Ruby newbie here. I've got a product csv where first col is a unique SKU and second col is a product ID that can be duplicated across multiple products (+ many other cols but these are the pertinent ones). Like:
SKU | Prod ID
99 | 10384
100 | 10385
101 | 10385
102 | 10386
103 | 10386
104 | 10387
In the script I'm writing, the first time a product ID is used will become a 'parent', and any subsequent instances of the product ID get treated differently (ie, different sizes).
Currently am reading in the whole CSV rather than doing foreach line as I assumed I'd need all the data available to find the duplicates.
Issue is I'm not sure on the how to be able to identify the first time a product ID is used and then identifying any further instances of it's use.
My first thought was to somehow identify the duplicates (uniq?) and then create a new column and put a 1 if it's the first time it's occurred and 0 if it's occurred previously. After looking at uniq I'm not sure how I then go back to the main list and mark my 1's and 0's.

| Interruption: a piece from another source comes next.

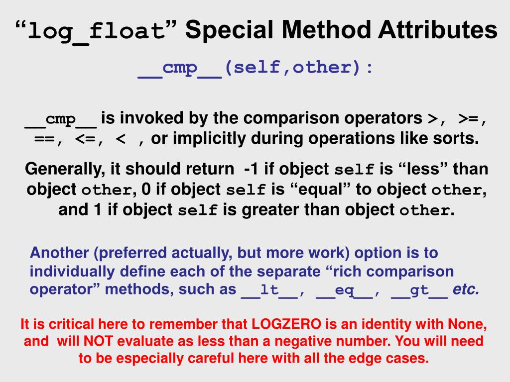 “log_float” Special Method Attributes __cmp__(self,other): __cmp__ is invoked by the comparison operators >, >=, ==, <=, < , or implicitly during operations like sorts. Generally, it should return -1 if object self is “less” than object other, 0 if object self is “equal” to object other, and 1 if object self is greater than object other. Another (preferred actually, but more work) option is to individually define each of the separate “rich comparison operator” methods, such as __lt__, __eq__, __gt__etc. It is critical here to remember that LOGZERO is an identity with None, and will NOT evaluate as less than a negative number. You will need to be especially careful here with all the edge cases.

Can someone please point me in the direction of the classes/methods I need to be looking at?
Thanks, Liam
Edit for John D: This gives me the hashes but in 1:1 format not 1: all instances of prod ID
CSV.foreach(INPUT, :headers => true , :header_converters => :symbol, :col_sep => "|", :quote_char => "\x00") do |csv_obj|
items[csv_obj.fields[0]] = [csv_obj.fields[1]]
end
so gives; "230709"=>["88507"], "109064"=>["9019"]